Genpact got its start in 1997 as a business unit of General Electric (GE). In 2005, Genpact was hived off from GE. Two years later, it became a public company. And in 15 years, it’s grown its revenues from less than $500 million to $3.7 billion at the end of 2020. As a whole, business was good in 2020, with revenues up 6% excluding currency, and adjusted operating income rose 5% on the year.
Genpact Limited provides business process outsourcing and information technology (IT) services in North and Latin America, India, Asia, and Europe. It operates in three segments: Banking, Capital Markets and Insurance; Consumer Goods, Retail, Life Sciences, and Healthcare; and High Tech, Manufacturing and Services. The company also offers IT services, including end-user computing support, infrastructure management, application production support, database management services, and transformation services that include digital solutions, consulting services, and analytics services and solutions.

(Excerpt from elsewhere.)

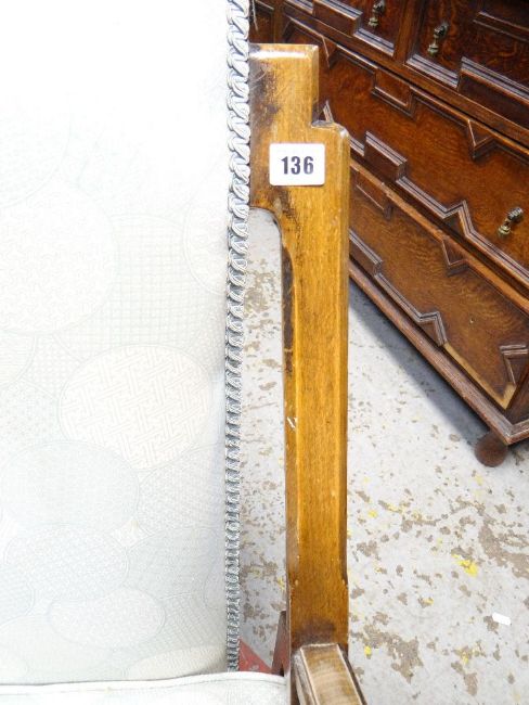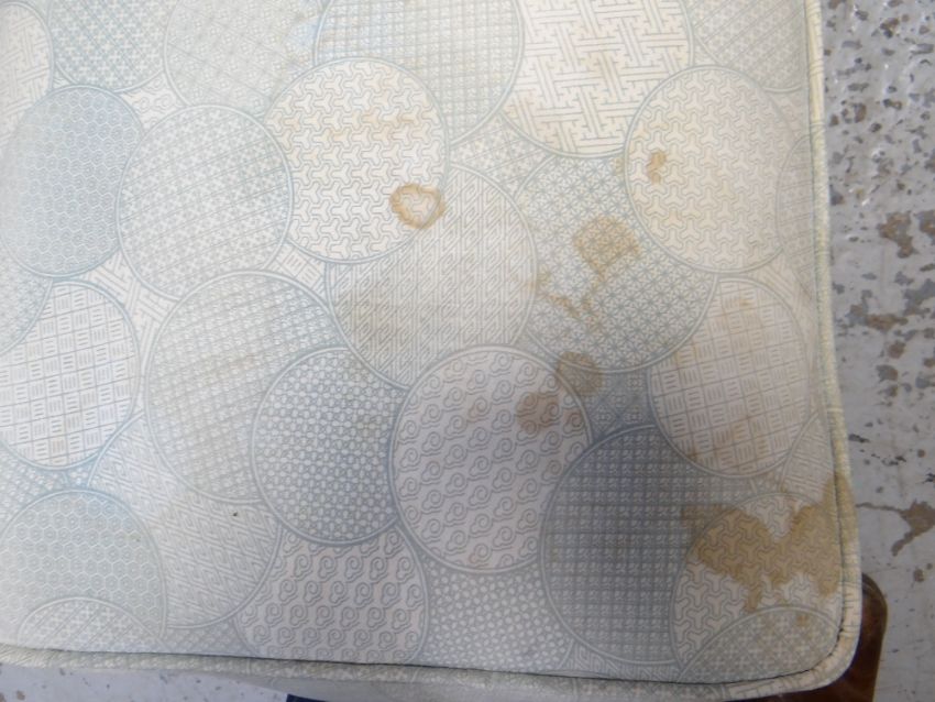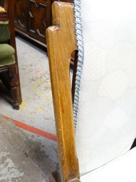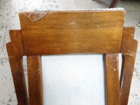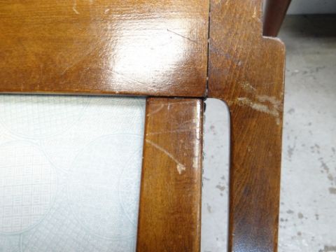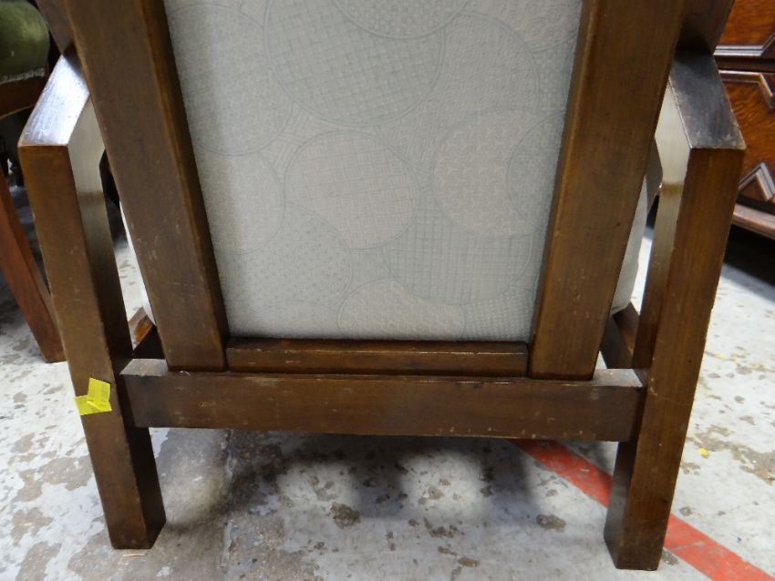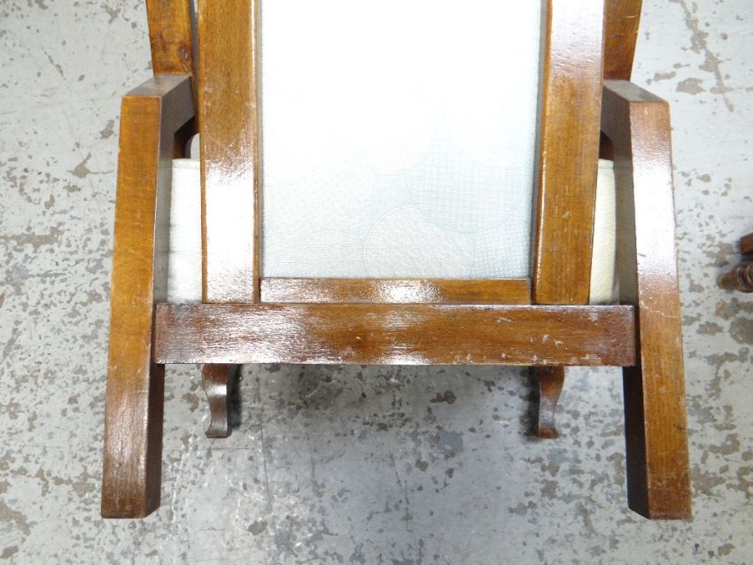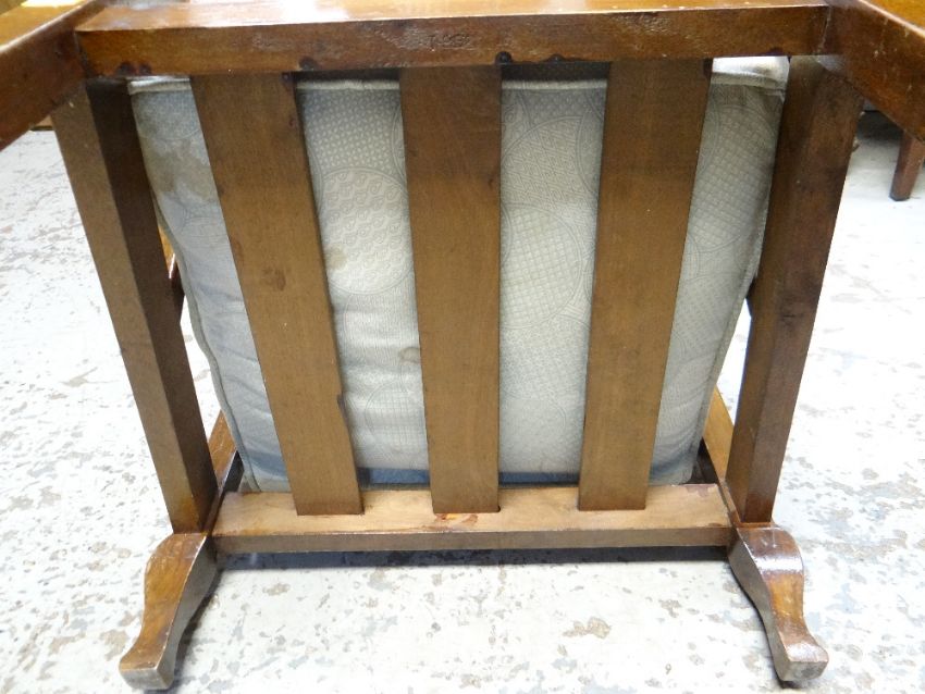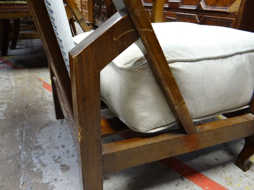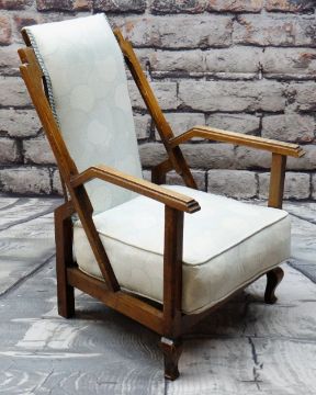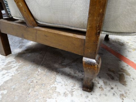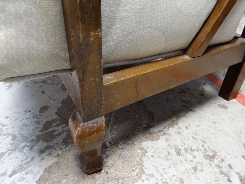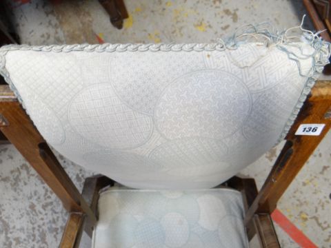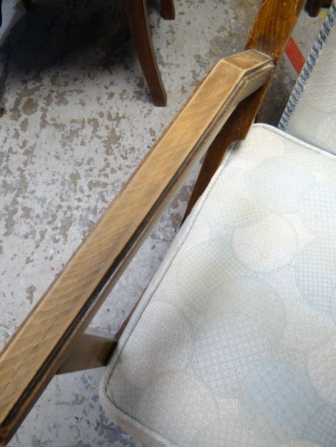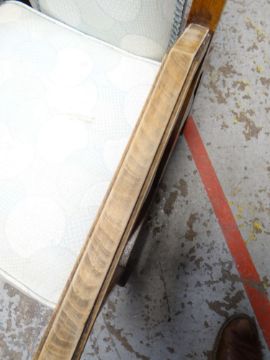 EARLY 20TH CENTURY ART DECO-STYLE BEDROOM CHAIRThere is general wear all over.Light scratches and paint spots.There is heavy staining to the seat cushion and the stitching has come loose on the back cushion.The wood on the arms has faded.There is no worm.It does look like the wood has been stained or vanished.Height – 81cm’sDepth – 70cm’sWidth – 51cm’sSeat height – 34cm’s

The stock plunged 7.1% since the earnings release on May 10, as the company‘s earnings guidance for 2021 was weak. For the full year, adjusted earnings per share are (EPS) currently anticipated in the range of $2.27-2.30 per share (previous guidance: $2.26-2.29 per share). Revenues for 2021 are expected to be between $3.93 and $3.99 billion.
The company generated $77.2 million of cash from operating activities, and capex was $12 million. Genpact returned $89.8 million to shareholders through share repurchases and $20 million through dividends in the quarter. You won’t get rich owning Genpact, but it will deliver reasonably consistent returns over the long haul.